Provided data ::
##########
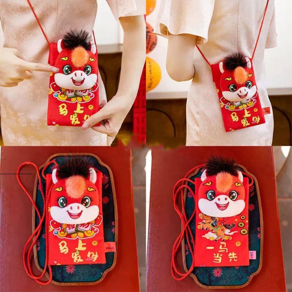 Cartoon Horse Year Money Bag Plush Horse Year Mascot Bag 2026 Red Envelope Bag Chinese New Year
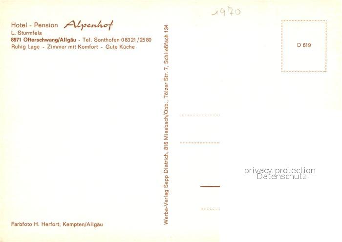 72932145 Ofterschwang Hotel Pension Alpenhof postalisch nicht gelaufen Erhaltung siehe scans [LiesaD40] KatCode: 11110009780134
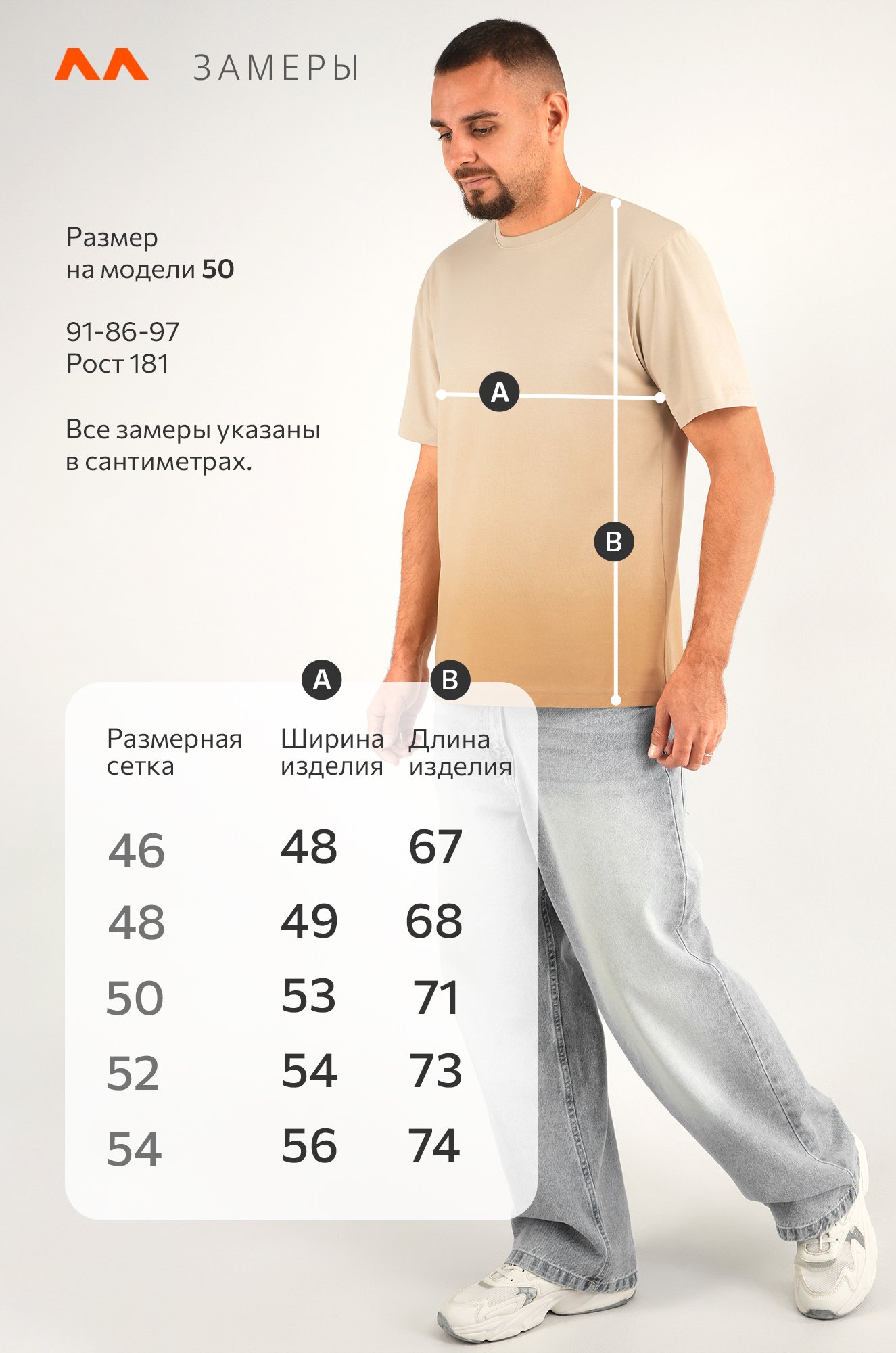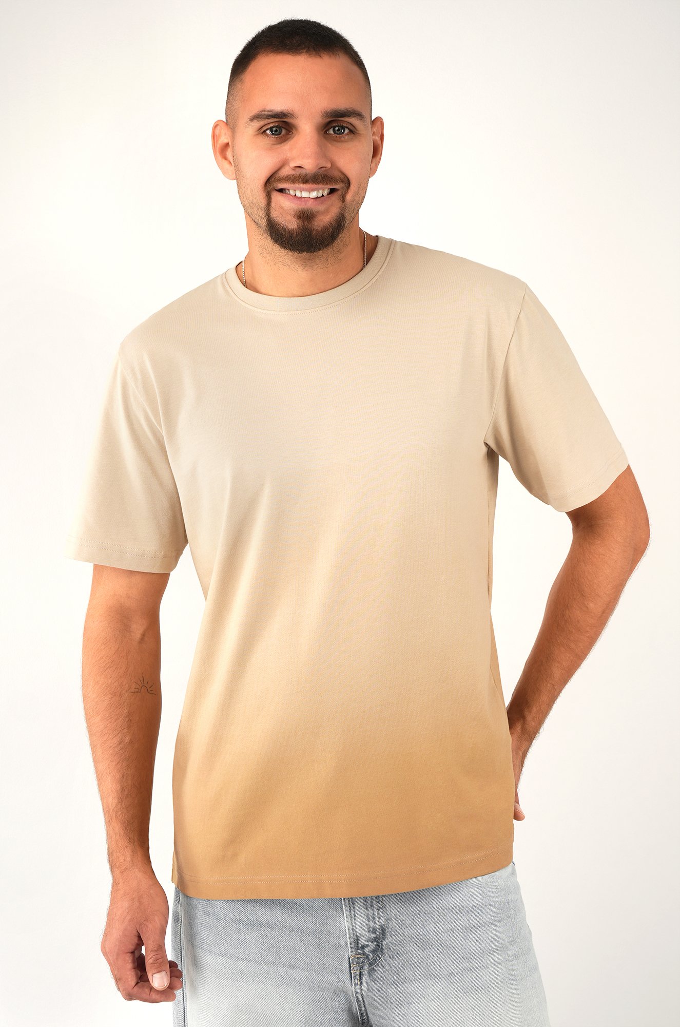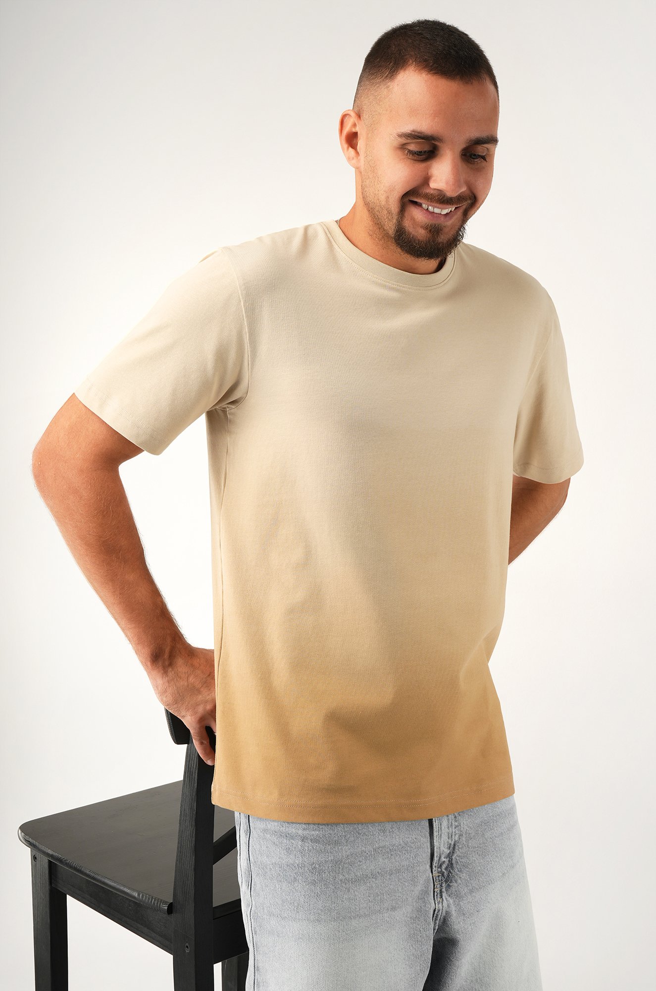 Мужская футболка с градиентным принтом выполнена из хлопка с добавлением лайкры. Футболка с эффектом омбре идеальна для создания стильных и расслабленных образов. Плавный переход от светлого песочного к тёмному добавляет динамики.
##########
To do :: Would you transcribe all of the data exactly, omitting any pictures?

Problem solution ::
 Cartoon Horse Year Money Bag Plush Horse Year Mascot Bag 2026 Red Envelope Bag Chinese New Year
 72932145 Ofterschwang Hotel Pension Alpenhof postalisch nicht gelaufen Erhaltung siehe scans [LiesaD40] KatCode: 11110009780134
 Мужская футболка с градиентным принтом выполнена из хлопка с добавлением лайкры. Футболка с эффектом омбре идеальна для создания стильных и расслабленных образов. Плавный переход от светлого песочного к тёмному добавляет динамики.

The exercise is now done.